Justice Rush rejected there was any legal obligation to pay for Leifer to leave Australia and said even if there were, it would "not defeat an obligation to ensure allegations of serious criminal offences are properly investigated''.

"Further, in such circumstances, the alleged perpetrator should not be assisted to urgently flee the jurisdiction. The failure of the board to report the allegations to police prior to arranging Leifer's urgent departure is deplorable," he said. "I have no doubt the conduct was deliberate."

Justice Rush said he believed it was motivated by a desire to protect the reputation of the Adass community. "The conduct of Messrs Benedikt and Ernst on behalf of the board in facilitating the urgent departure of Leifer was likely motivated by a desire to conceal her wrongdoing and isolate the conduct and its consequences to within the Adass community."

Leifer's departure did little to ease the suffering of the victim, who became pregnant in 2009 but deliberately hurt herself and began to exhibit symptoms of post-traumatic stress disorder.

By 2011, her life had spiralled out of control. Her marriage ended, she had suicidal thoughts and incidents of self-harm. She was admitted to a clinic three times between 2011 and 2012.

The victim, now 28, still struggles with her illness. She lives in Melbourne and juggles a part-time job with her role as a mother but no longer follows the religious lifestyle of the Adass.

During the court case, lawyers for the school argued it was the Adass congregation rather than the school that employed Leifer and so the school was not liable. Justice Rush said there was ample evidence Leifer was the principal of the school and that the school was liable for her behaviour.

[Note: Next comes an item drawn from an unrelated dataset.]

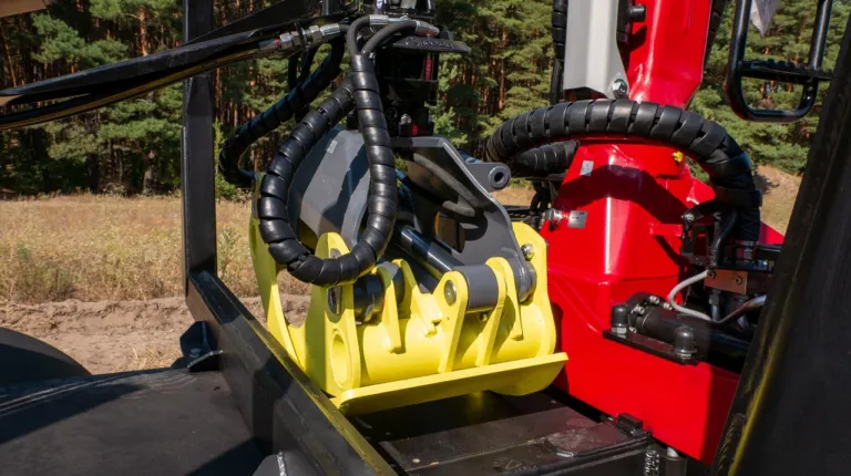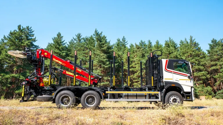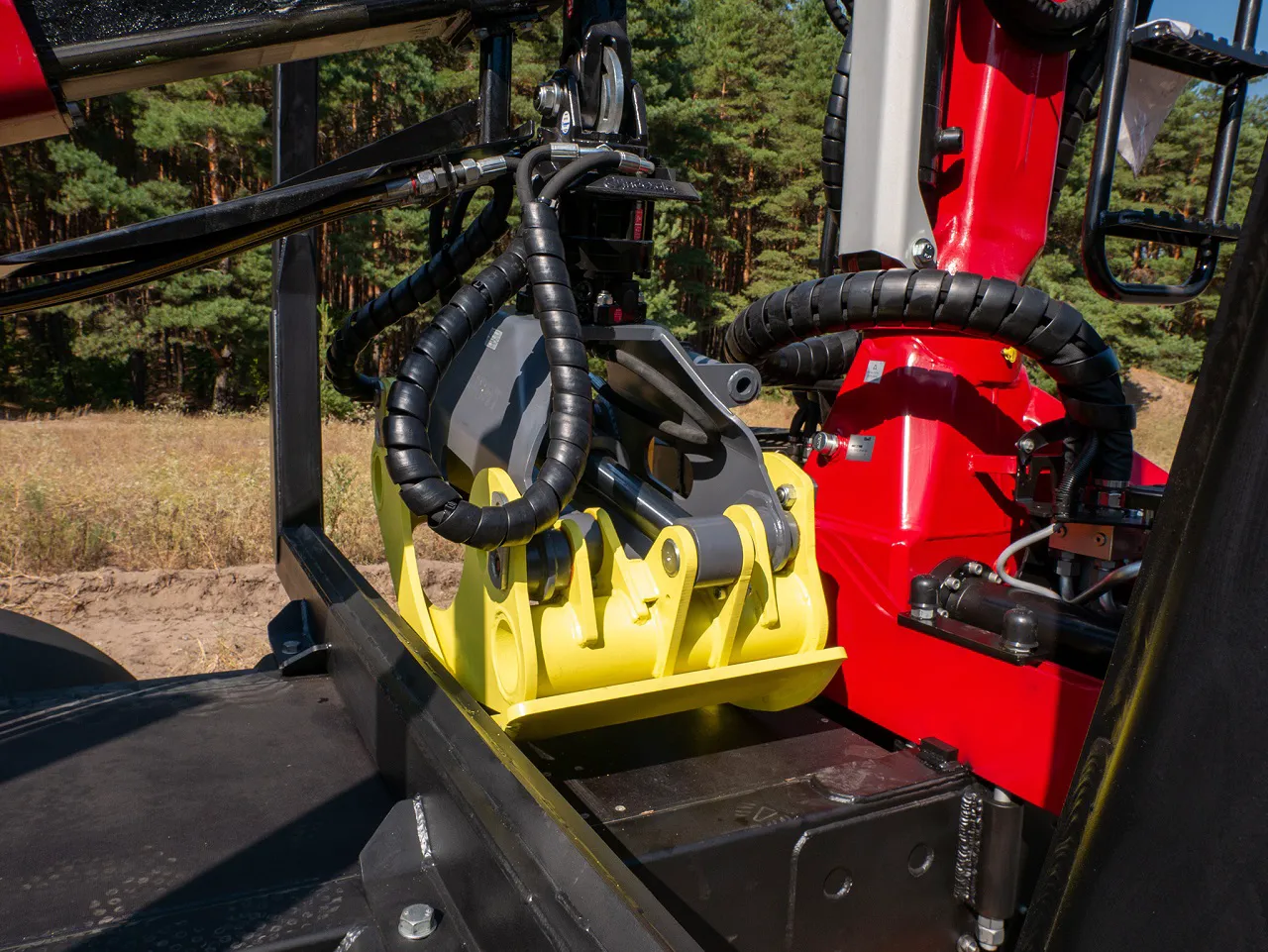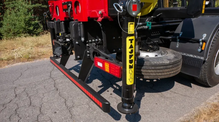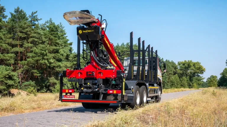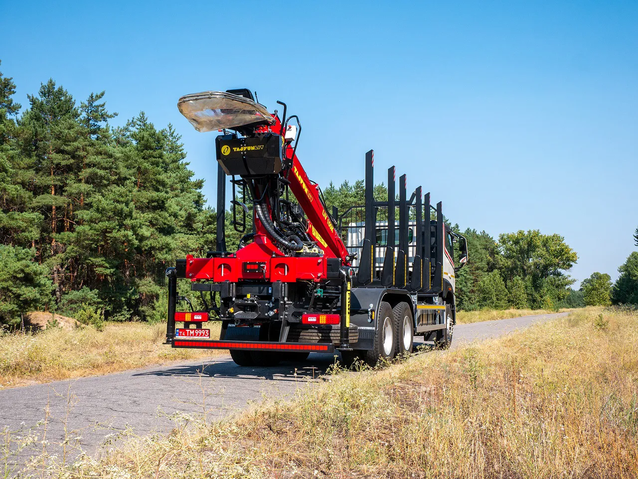 Для погрузки-разгрузки сортиментов установлен мощный кран-манипулятор Tajfun LIV100K (Словения). На максимальном вылете 7922 мм грузоподъемность составляет 1352 кг, а на трехметровом – 2965 кг. Телескопическая стрела может поворачиваться на угол в 425 град. Для повышения устойчивости при работе имеются гидравлические выдвижных опоры (аутригеры).

He described her breach of trust as "evil" and ordered that she personally pay $150,000 to her former student. That may not be easy to enforce. Leifer was arrested in Israel last September on dozens of child sex abuse charges from her time at the Adass Israel school but remains there under house arrest in the ultra-orthodox area of Bnei Brak outside Tel Aviv.

The former principal, who wears an electronic tag, has repeatedly delayed extradition hearings, on the ground of alleged ill-health.

"There can be no more serious charge levelled against the headmistress of a girls' school than that such headmistress has abused the trust reposed in her by sexually abusing those in her charge," said Justice Rush.